Last week I went to my first concert at Red Rocks. It was AMAZING, and even better than I could have ever imagined. I’m now hooked on Red Rocks, and I’m hooked on EDM/Dubstep music. I LOVE new experiences. But I didn’t used to. I remember when Donnie and I went on our engagement road trip (I didn’t know that’s what it was!) from Missouri to Colorado, and I was nervous. I was nervous and unsure about the trip. Why? I don’t know. I didn’t have the thirst for adventure that I do now or the constant yearning for new experiences. I liked my bubble and my comfy zone. And I was so focused on being a psychology college student, and not much else. Quick summary, I wasn’t really living.
Now I’m an entirely different person, and that’s good because our engagement trip was in 2015 and it’s 2024. I sure hope I’ve grown and changed! If you don’t know what EDM (electronic dance music) or Dubstep is, it has a lot of sounds, a lot of bass, and a lot of good vibes produced by artists/DJs. When Donnie said a few years ago that he’d love to go to one of these concerts sometime, I wasn’t sure how I felt about it. Going to a concert, but not seeing someone singing into a microphone onstage? Instead, it’s a DJ? But when the opportunity came up to go to Red Rocks to see Marshmello and Svdden Death, I couldn’t pass it up. So, I took Donnie up on his offer—to go see an EDM/Dubstep concert.
I love Marshmello. He was at the Aspen X Games in January 2018, our first year in Colorado. We were at the Aspen X Games with our good friend Aaron, and we had thought about going over to Marshmello’s concert but didn’t. This experience last week felt surreal to us, because we were finally going to see Marshmello after all, and Aaron was going with us! While I’m not as well-versed in EDM/Dubstep music as Donnie and Aaron, I have always liked Marshmello and been familiar with his music.
Of all the concerts I have been to, and the different genres, this genre of music was my favorite crowd to be among. From the moment we parked at the venue, I noticed everyone’s unique outfits and everyone’s good vibes. It was a Thursday afternoon, and we were really living. What a great feeling to have.
I suddenly realized that although I had a long few days of work to get to Thursday’s night at Red Rocks, I was so grateful for it. My long days Monday-Wednesday were SO worth it. Work will always be there. Our life won’t be. I absolutely hate it when I’m around anyone who isn’t really living their life. I’m talking about the people that never take time off, never do the things that they want to do, and live a very mundane, mediocre life. And it’s all to their own choosing. Just as my life, and experiences are my choice. I posted in a caption on social media the day after the concert, that I will not be someone who gets to the end of my life and wish that I would have done something, but never did. And I mean that.
I’ve always been someone who felt deeply impacted by new experiences. Every time I take a trip somewhere, I come back a different Demie. Sometimes, I’ve been a little ashamed or embarrassed by this. Because I realized how much this take on life is not the norm. Now though, I like that this is the way I am. I don’t miss a moment of my life. I love to say that I can go to a concert and feel deeply impacted by my experience. I soak up everything. Every moment and every day on Earth. I live my life through gratitude, always.

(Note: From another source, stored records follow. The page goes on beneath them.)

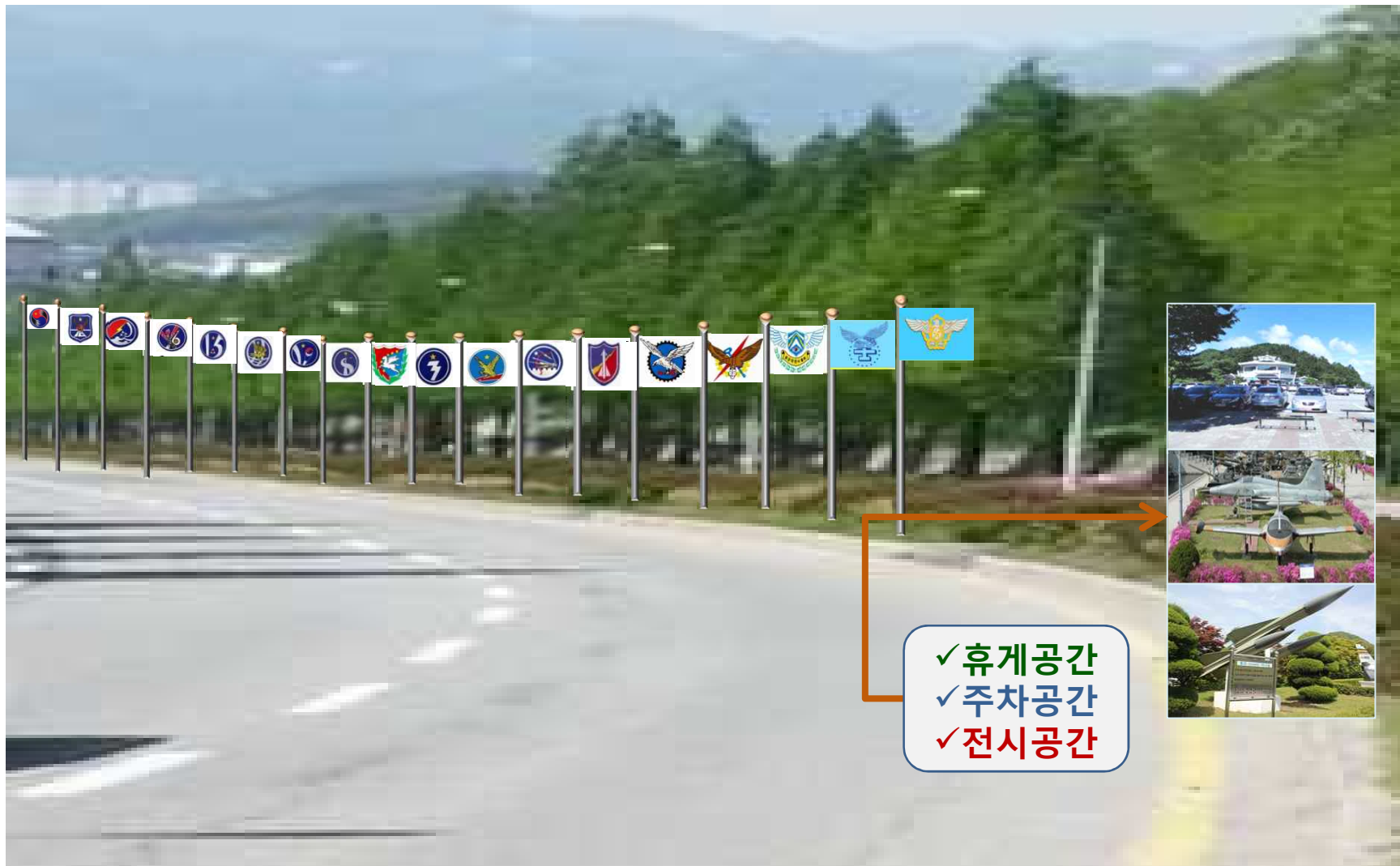
「공군의 거리」 (예시)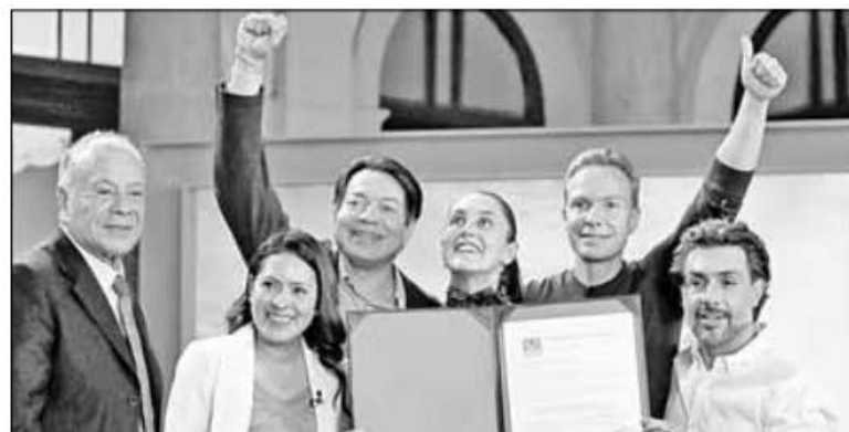
▲ Claudia Sheinbaum, al recibir ayer su constancia como candidata única del PVEM –de la coalición Sigamos Haciendo Historia– a la presidencia de la República. La acompañan (de izquierda a derecha) el legislador del PT

X: @galvanochoa FaceBook: galvanochoa Correo: galvanochoa@gmail.com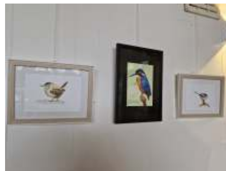
De ijsvogel is ook vertegenwoordigd

Als je ook zin hebt om aan te sluiten dan ben je welkom. De data staan in de Tuinfluter.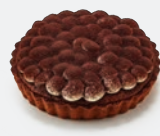
Q18. 香蕉巧克力布蕾派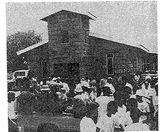
Africa del Sud: chiesa dedicata a S. Alfonso.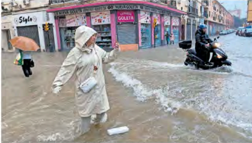
Varias personas, ayer en una de las calles inundadas de Málaga.

Los genetistas dan con la tecla para ganar sabor en los tomates —P41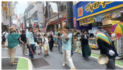
▲パレードの様子。ぜひ会場でご覧ください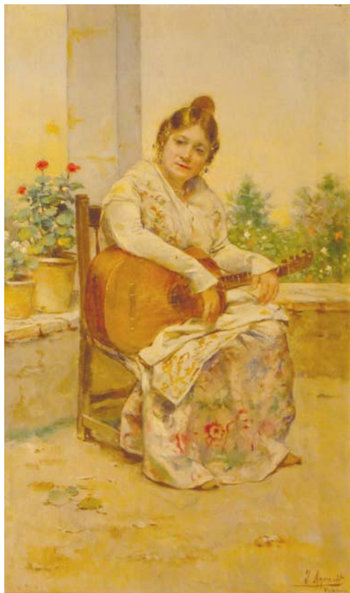
Lote nº 104: J. AGRASOT. "Valenciana con guitarra" Oleo/Lienzo 65 x 40 cm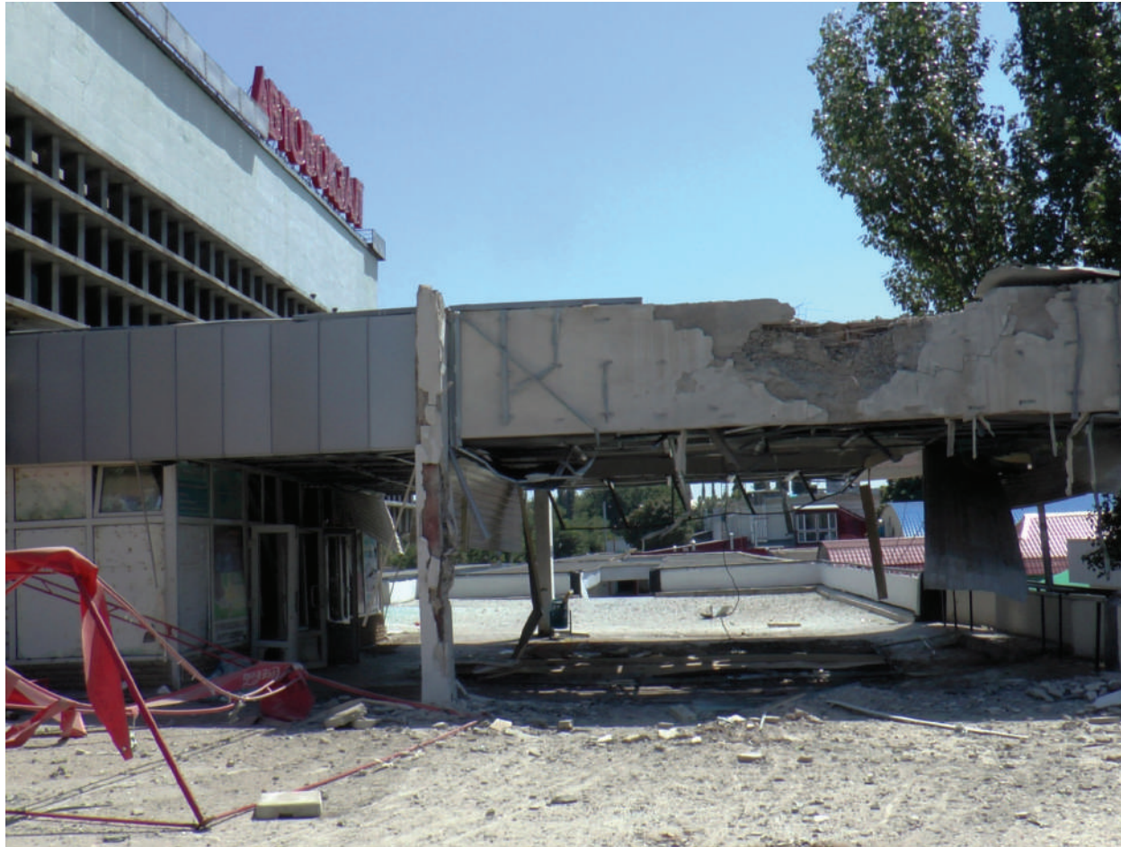
The Lugansk bus terminal after the artillery shelling of Ukrainian Armed Forces.

LPR, The city of Lugansk, July 2014.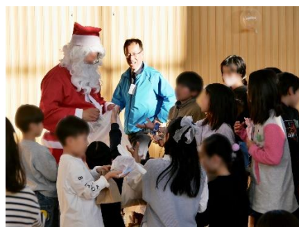
12月15日 柏町子ども会クリスマス会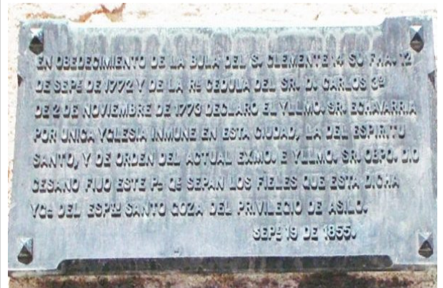
tarja iglesia del Espíritu Santo

Interior puerta de entrada de la iglesia

I think new experiences are healthy. I think new experiences are necessary to growth and evolving. One of my core values is to be constantly growing, changing, and evolving. Being around the EDM/Dubstep crowd at Red Rocks Thursday night, was one of those experiences for me. And I really believe I’ve been missing out by never experiencing that before. Now, I can’t wait to experience it again.
Another realization I had Thursday night, was about creativity and collaboration. It was so cool to see how Marshmello and Svdden Death have come together, created such amazing songs together, and put on an amazing performance together.
I’ve always been the type of person that loves learning, and so after the concert I was looking up Marshmello and Svdden Death, and things that I didn’t already know about them. I found out that they are 31 and 30. And so yet again, I had another realization as I too am 30 as of January 2024. Some people have such a problem with turning 30, like it’s bad. Your 20’s are over and that’s something to be upset about. Turning 30 to me was a very big deal. But a big deal in many great ways. I took it very seriously getting the opportunity to greet a whole new decade. I have more accountability for myself, and who I want to be now at 30. I would say that if you are upset about the age you are, whatever that number is—it probably means that you aren’t really living your life. You aren’t happy. And you’re playing it small. Marshmello and Svdden Death certainly aren’t.